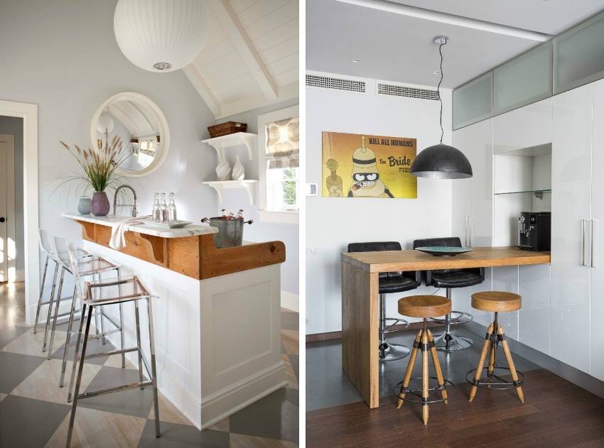 Полезный совет! С целью экономии кухонного пространства вместо традиционных барных стульев можно приобрести высокие табуреты из пластика. При необходимости их можно компактно, один в один, разместить под стойкой. Очень красиво и изысканно на маленькой кухне будут смотреться прозрачные пластиковые стулья.
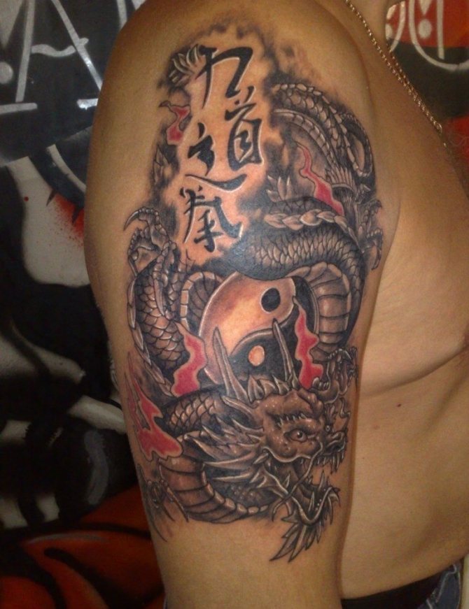 - Yin-Yang tattoo with a dragon. Placed around a symbol of Yin and Yang, dragons symbolize tenacity, willpower and courage. A tattoo with a dragon around the Yin-Yang can be seen on the arm of actor Alexander Petrov, known for his role as Grisha Izmailov in the TV series "Policeman from Rublevki". He has a temporary tattoo and is part of the character's image.
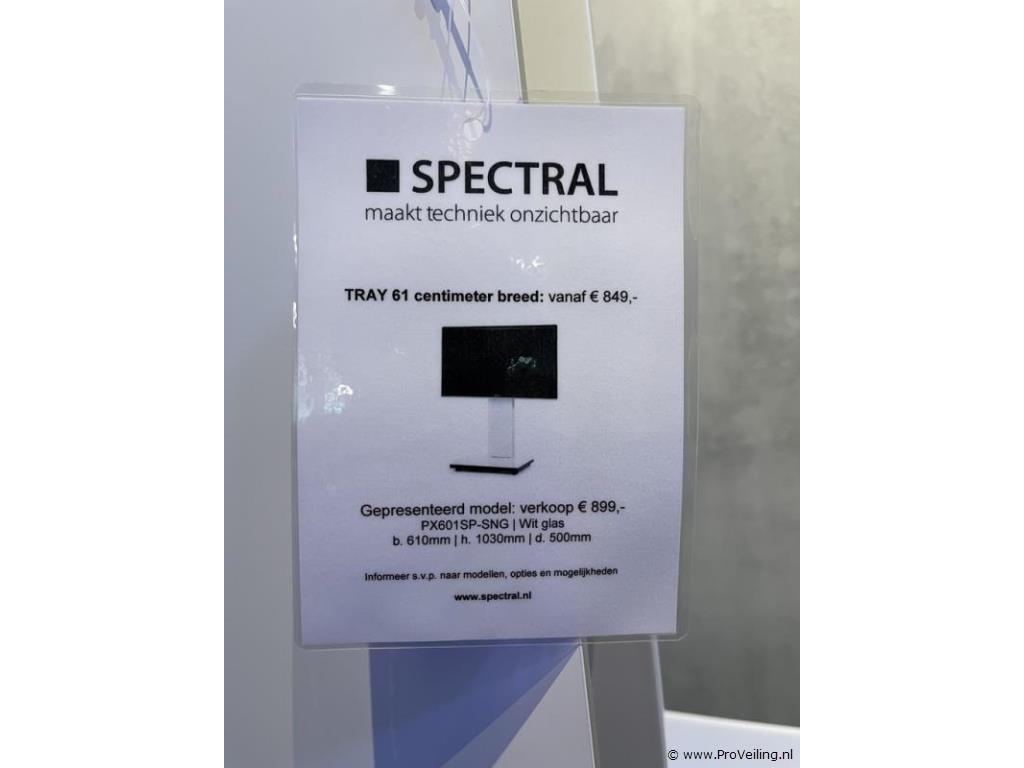 Tv-meubel: merk Spectral; model Tray; type PX601SP-SNG; wit glas; afmetingen ca. 61x103x50cm; winkelverkoopprijs ca. 899,-.
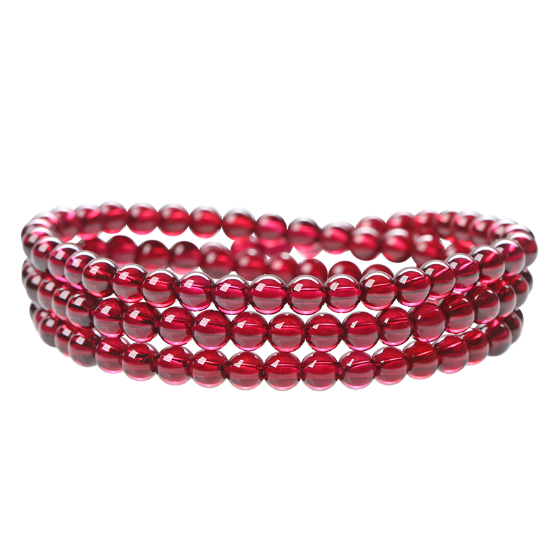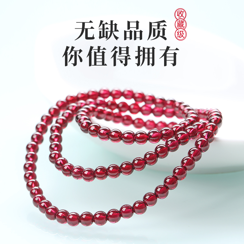 庆祥泰莫桑比克收藏净体酒红石榴石手链女款单圈三圈手串天然珠子
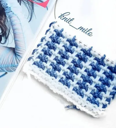 ⠀5 ряд синей нитью: кром, 1 п.снимаем нить перед раб,*3 лиц, 1 п. снимаем, нить перед раб, от * повторяем 4 раза, 1 лиц, кром
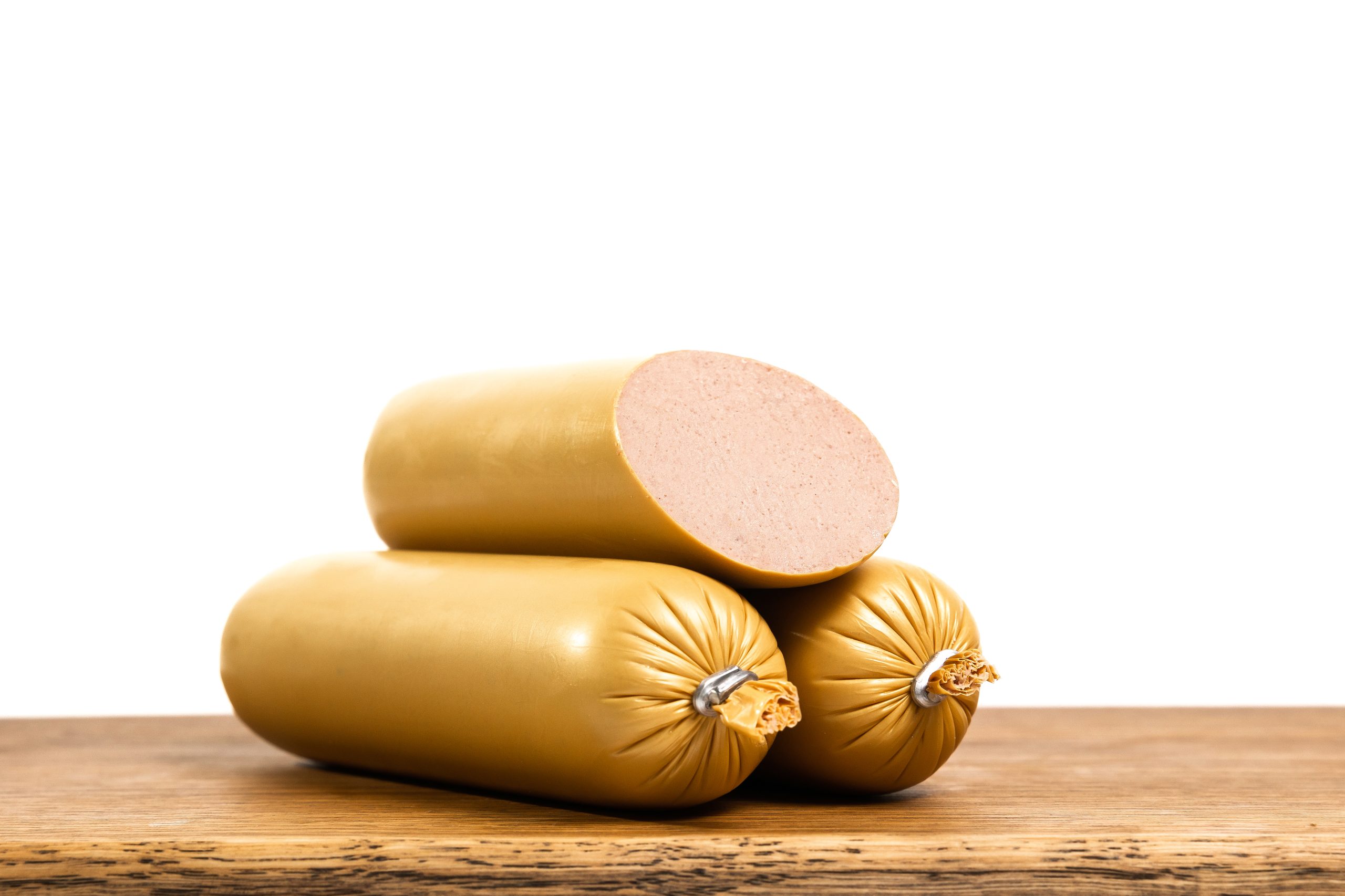 ТУ 10.13.14-132-00419779-2021.Состав: печень, шкура, шпик свиные, вода питьевая, мука пшеничная в/с, крупа манная, смесь посолочно-нитритная, пряности (с горчицей), эмульгатор – Е472, декстроза, сухой глюкозный сироп, соль поваренная пищевая, лактоза, сахар, антиокислители – Е300, Е316, ароматизаторы, усилитель вкуса и аромата – Е621, лук жареный, экстракты пряностей (перец черный, паприка, мускатный орех), животный белок (свиной), загуститель – Е412, белок соевый текстурированный, регуляторы кислотности – Е576, Е262, Е330, Е331, агент влагоудерживающий – Е325.Пищевая ценность: 100г продукта содержит:Белок, г, не менее – 9,0.Жир, г, не более – 23,0.
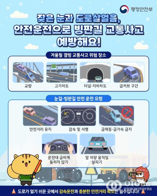 oto방송 김민석 기자 | 행정안전부는 겨울철에 발생하기 쉬운 빙판길 교통사고에 각별한 주의를 요청했다.
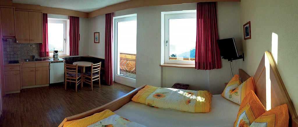 40 m² - skládá se ze 2 samostatných vzájemně nepropojených bytových jednotek na stejném podlaží: obývací pokoj s kuchyňským koutem, sociální zařízení s vanou, balkon; pokoj s manželskou postelí a 2 samostatnými lůžky, 2x sociální zařízení s vanou, balkon
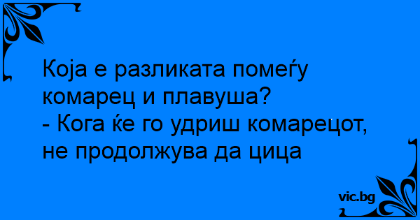 Која е разликата помеѓу плавуша и комарец? Комарецот откако ке го удриш престанува да цица!
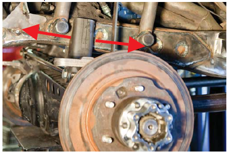12. Check the placement of the axle in the vehicle using the marks made on the frame in step 2. Axle is shown moved 3" forward of original location. Measure from frame to knuckle ball on each side to ensure that the axle is centered side to side.
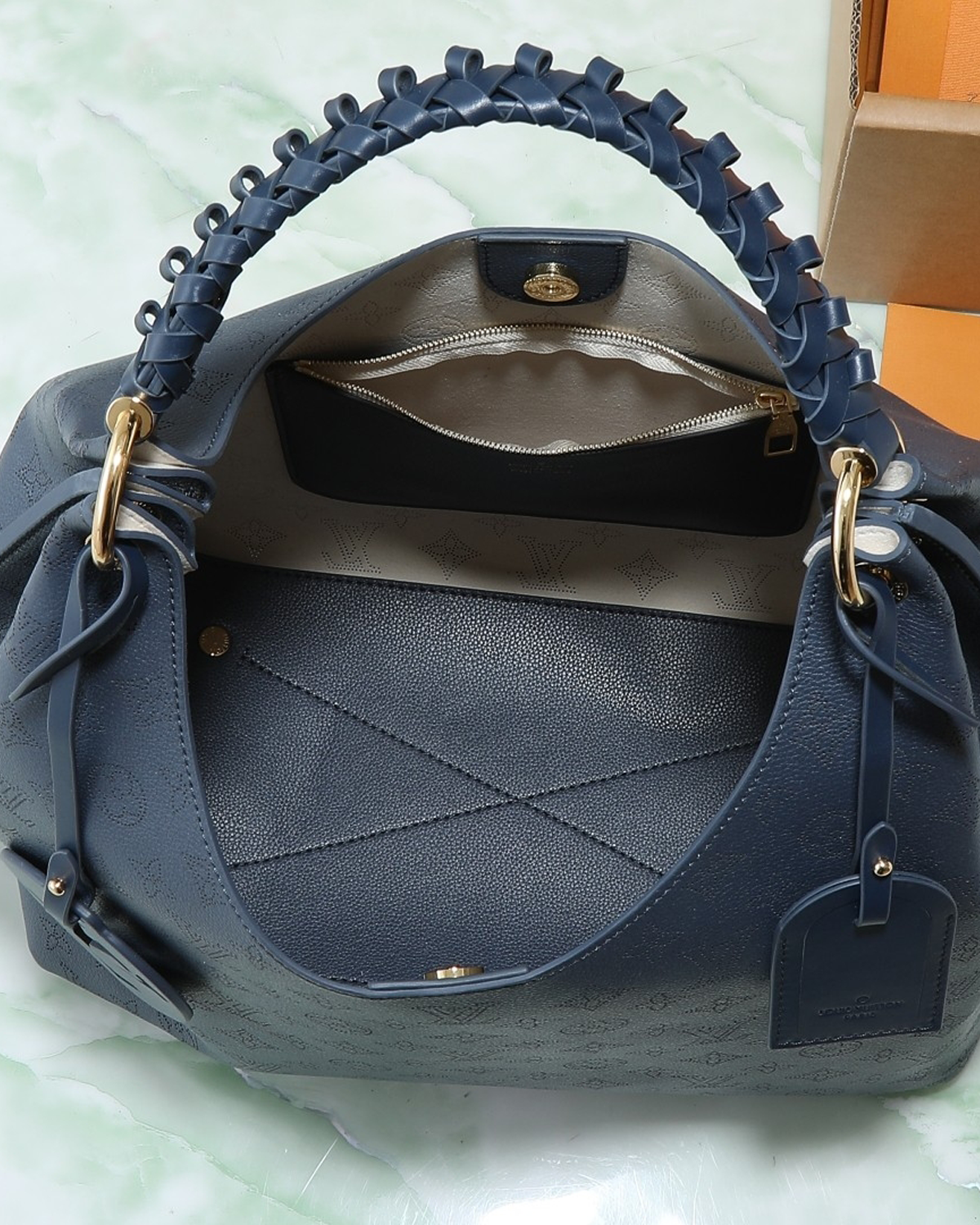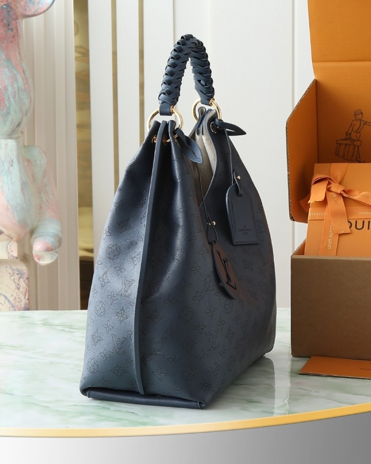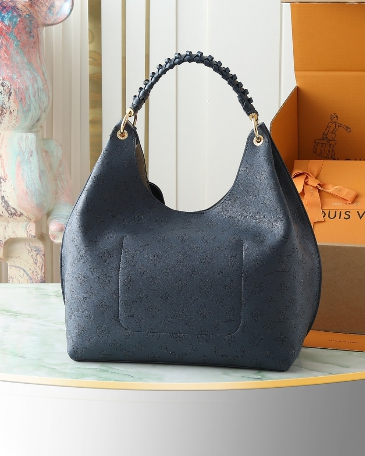 This elegant edition of the Carmel handbag is crafted from Mahina calfskin, delicately perforated with the House’s signature Monogram. Sized to store daily essentials, including a laptop, the versatile design is elevated with a removable leather braided charm. Note the address tag, which pays tribute to heritage Louis Vuitton trunks.
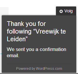 4. U ontvangt een email op het opgegeven mailadres waarmee u kunt bevestigen dat u inderdaad de Vreewijk site wilt ‘volgen’ en berichten op de site als emailberichten wilt ontvangen:
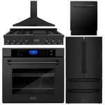 ZLINE Appliance Package - 48" Rangetop, Range Hood, Refrigerator, Dishwasher, Wall Oven in Black Stainless Steel

EXERCISE GOAL – Retyping is limited to the line with "This elegant edition" and the lines after it in the material above; give them exactly and leave out the pictures.

ANSWER SECTION –
 This elegant edition of the Carmel handbag is crafted from Mahina calfskin, delicately perforated with the House’s signature Monogram. Sized to store daily essentials, including a laptop, the versatile design is elevated with a removable leather braided charm. Note the address tag, which pays tribute to heritage Louis Vuitton trunks.
 4. U ontvangt een email op het opgegeven mailadres waarmee u kunt bevestigen dat u inderdaad de Vreewijk site wilt ‘volgen’ en berichten op de site als emailberichten wilt ontvangen:
 ZLINE Appliance Package - 48" Rangetop, Range Hood, Refrigerator, Dishwasher, Wall Oven in Black Stainless Steel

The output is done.